Musées, matérialité et lieux des polices

La police s’appuie pour exercer ses missions sur un équipement spécifique. Ces nombreux objets sont à la fois usuels et symboliques de l’autorité policière. Que l’on pense à l’uniforme, à l’armement, à la matraque ou aux menottes, mais aussi aux véhicules utilisés, aux objets du quotidien, du travail administratif ou utilisés lors de cérémonies, ce sont autant de traces matérielles dont l’évolution peut être une porte d’entrée à l’histoire des institutions de police. L’histoire de ces objets multiples est primordiale. Ce sont notamment des éléments qui permettent ce que la police a les capacités de faire (moyens de communication, moyens de transports, armement…). L’équipement constitue en effet une variable de l’équation de l’action et des méthodes policières. Plus largement, ces objets révèlent beaucoup sur la place et les représentations des polices dans la société. Il faut les identifier, les dater, comprendre leur condition d’apparition. Mais il faut aussi mettre à jour les usages – ou les mésusages – qui sont faits de ces objets dans la quotidienneté policière. Enfin, leur perception, tant par les policiers que par leurs clientèles, doit être interrogée.

La thématique de la matérialité policière recouvre également d’autres domaines. Elle se rapporter notamment à la constitution par les policiers de collections d’objets, souvent rassemblées au sein de « musées du crimes », ou de « musées policier ». À nouveau, l’histoire du développement et de l’usage de ces collections est stimulante. Par qui et pourquoi sont-elles constituées ? Ces cabinets de curiosité ont un statut ambigu entre ouverture au public ou limitation de leur accès à un public de seuls initiés, devant éviter la contagion des stratégies des criminels. Cela vient notamment de leurs multiples fonctions ; ils renforcent la mémoire institutionnelle, ils participent à « former » les nouvelles recrues des polices par leur caractère exemplatif. On estime en effet que le « savoir-faire » policière est largement fondé sur l’expérience et la vision d’objets auxquels les anciens ont été confrontés (événements particuliers, faux, armes, matériels frauduleux).

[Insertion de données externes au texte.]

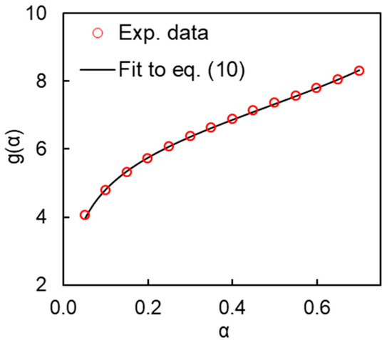 Figure 8 demonstrates the ability of Equation (9) to fit the numerical g(α) data obtained from the experimental values of Eα and Aα via Equation (6). To perform fitting, Equation (9) is converted to the integral form as follows:

Enfin, la matérialité policière est ancrée dans la géographie. Les modes de contrôle et de quadrillage du territoire s’appuient en effet sur un ensemble de lieux « occupés » par des policiers, notamment bâtis. Casernes, commissariats, écoles, guérites et autres supports de l’activité policière ont des fonctions multiples. Outre leur côté pratique, ils portent un discours symboliques destinés tant aux policiers qu’aux populations. On peut analyser la chronologie de leur développement comme autant de marqueurs de lieux à surveiller ou à protéger, mais aussi leur implantation dans la cité et bien entendu, leur architecture.